Catalysts that could drive the trade

  • Dividend cadence - ex-dividend date 07/28/2026 and payable 08/11/2026: the dividend event can attract yield-sensitive buyers and stabilize price into the record/ex dates.
  • Operational updates or quarterly production announcements that beat expectations could re-rate the multiple from ~9x to low-teens if margins widen.
  • Positive shifts in concentrate or refined zinc pricing and treatment charges, which would flow through both mining and smelting segments and support earnings.
  • Technical breakout above the recent $15.00 intraday high and follow-through above $16.50 could prompt momentum flows toward the 52-week high at $16.89.

Trade plan (actionable)

Direction: Long

Entry price: $14.70

Target price: $16.50

Stop loss: $13.50

Horizon: mid term (45 trading days) - plan rationale: the next 45 trading days capture the upcoming dividend window (ex-dividend 07/28/2026) and leave room for operational or commodity-driven catalysts to materialize. This horizon also fits the current technical setup: above the 20/50-day SMAs but not yet extended, so the trade gives time for a measured run toward the 52-week high without overly long exposure to commodity cycles.
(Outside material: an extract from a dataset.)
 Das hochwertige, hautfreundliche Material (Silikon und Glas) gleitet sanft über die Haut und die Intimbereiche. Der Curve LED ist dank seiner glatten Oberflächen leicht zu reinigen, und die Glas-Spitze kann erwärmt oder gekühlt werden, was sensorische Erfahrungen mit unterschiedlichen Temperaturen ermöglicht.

How to manage the position: size to a level where a stop at $13.50 limits portfolio capital at risk to your pre-defined risk tolerance (for example, 1-2% of portfolio). If price quickly runs to $15.80 - $16.00 with volume, consider trimming partial profits and moving a rest position to breakeven or to a tighter trailing stop below $15.00.

Technical and liquidity notes

Short-term indicators are constructive: the stock trades above the 9- and 21-day EMAs, and RSI sits at a neutral 55. MACD shows slightly bearish momentum on the indicator, but the histogram is small and could flip quickly on a couple of positive sessions. Average daily volumes over recent periods are near ~900k-1.0M shares, which means this trade is executable at scale for most retail sizes; today's intraday volume (~105k) is light relative to those averages, so use limit orders and attention to fills.
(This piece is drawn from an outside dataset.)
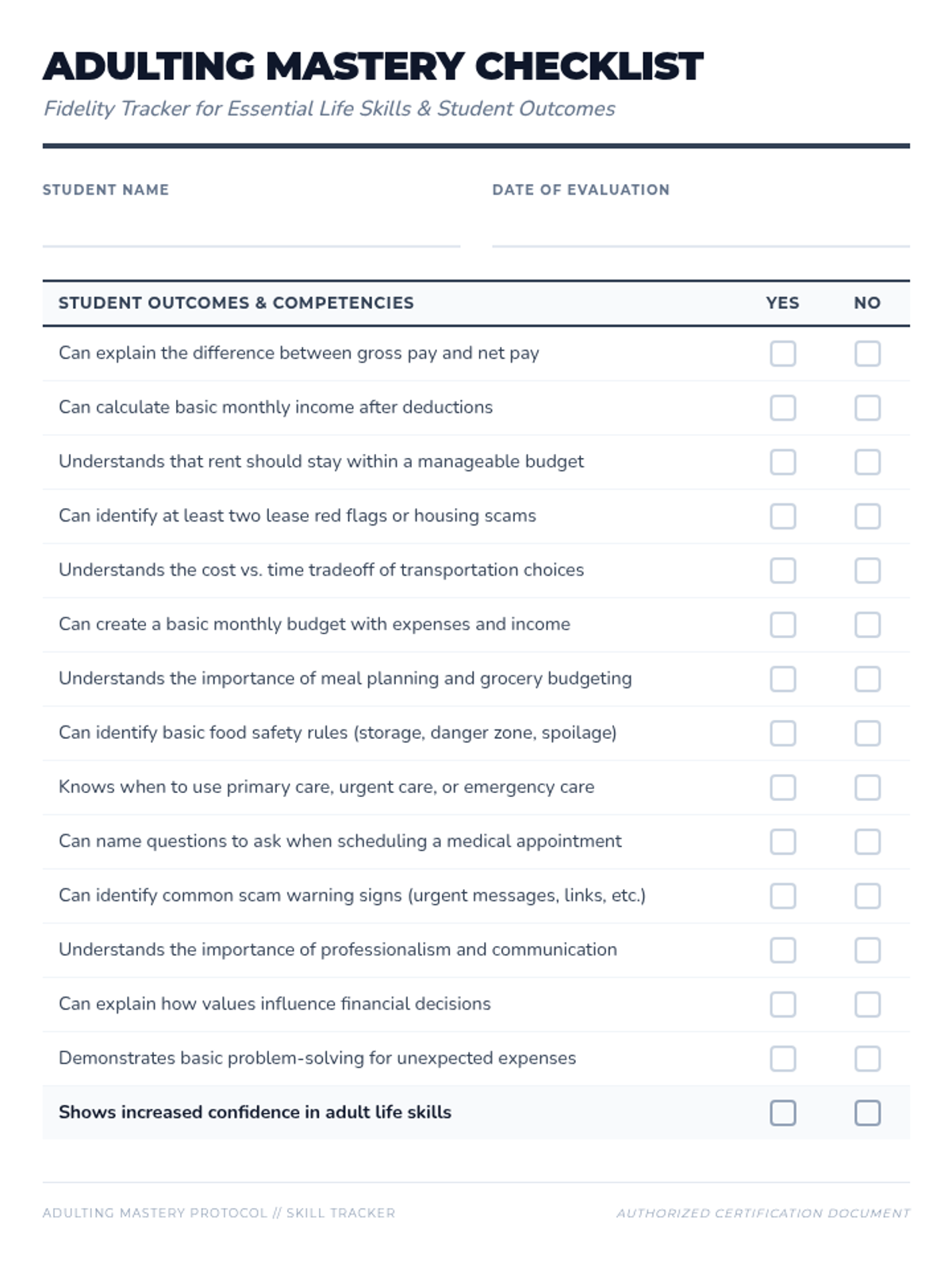 A professional single-page fidelity checklist for teachers to track student mastery of 15 key adulting and life skills. Tightened layout to ensure single-page fit.

Risks and counterarguments

  • Commodity risk: Nexas earnings are sensitive to zinc and other base-metal prices. If metals prices weaken, margins and cash flow can compress quickly and the share price can retrace.
  • Operational/geopolitical risk: The company operates across Peru and Brazil. Any operational disruption, labor issue or regulatory action in these jurisdictions could pressure production and the share price.
  • Volatility and leverage: Mining equities are cyclical and can gap on macro news; a stop at $13.50 mitigates but does not eliminate gap risk on market-open or event risk.
  • Dividend reliance: The dividend yield is small (~0.70%) and not a substitute for earnings growth. If management changes capital allocation away from dividends or EPS falls materially, investor interest could wane.
  • Technical reversal: A decisive break below the 50-day SMA (~$14.25) with rising volume would invalidate the constructive setup and likely accelerate downside toward multi-month support levels.
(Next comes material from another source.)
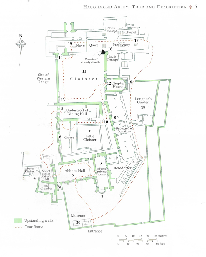 The other sites on the map shown here are described on the post about Greenfield Valley’s industrial heritage. The church of St James has been closed on the three occasions when I have visited, but it lies behind the chapel, just uphill from it. There is a cafe next to the abbey, on the bottom right of the map, but check the website listed below, because at the time of writing it is under refurbishment.

Counterargument: One could argue the stock is already priced for a benign operational outlook and that the low PE reflects real risks such as challenging grade profiles, rising costs, or political exposure that could keep earnings depressed. If you prioritize downside protection, the current setup may look speculative; the prudent alternative is to wait for a confirmed breakout above $15.50-$16.00 with accompanying volume and improving fundamentals before taking a position.

What would change my mind

I would change my constructive stance if any of the following occur: (1) a quarterly production or cost report that shows material misses and significant margin compression; (2) sustained negative revision in realized zinc or by-product pricing that undermines earnings forecasts; (3) a decisive technical breakdown below $13.50 on high volume; or (4) adverse regulatory or operational news from Peru or Brazil that threatens near-term production. Conversely, a surprise beat in production metrics or a confirmed momentum breakout above $16.50 would increase conviction and prompt a size-up for the trade.

Conclusion

Nexa Resources is a pragmatic mid-term long: cheap on earnings, supported by a modest dividend, and technically non-extended with room to run. This trade recommends entering at $14.70, protecting capital with a $13.50 stop, and targeting $16.50 over the next 45 trading days to capture the most likely path to the recent 52-week highs while keeping risk controlled. Size the position to your risk tolerance and stick to the stop - the stock is commodity-exposed and will react quickly to macro and operational news. If catalysts line up, gains toward $16.50 are a realistic and disciplined outcome.

Risks

  • Commodity price weakness (zinc and by-products) that compresses margins and earnings.
  • Operational or regulatory disruptions in Peru or Brazil that reduce production.
  • Technical breakdown below key moving averages with rising volume could invalidate the setup.
  • Dividend or capital-allocation changes that reduce investor yield interest and re-rate the stock lower.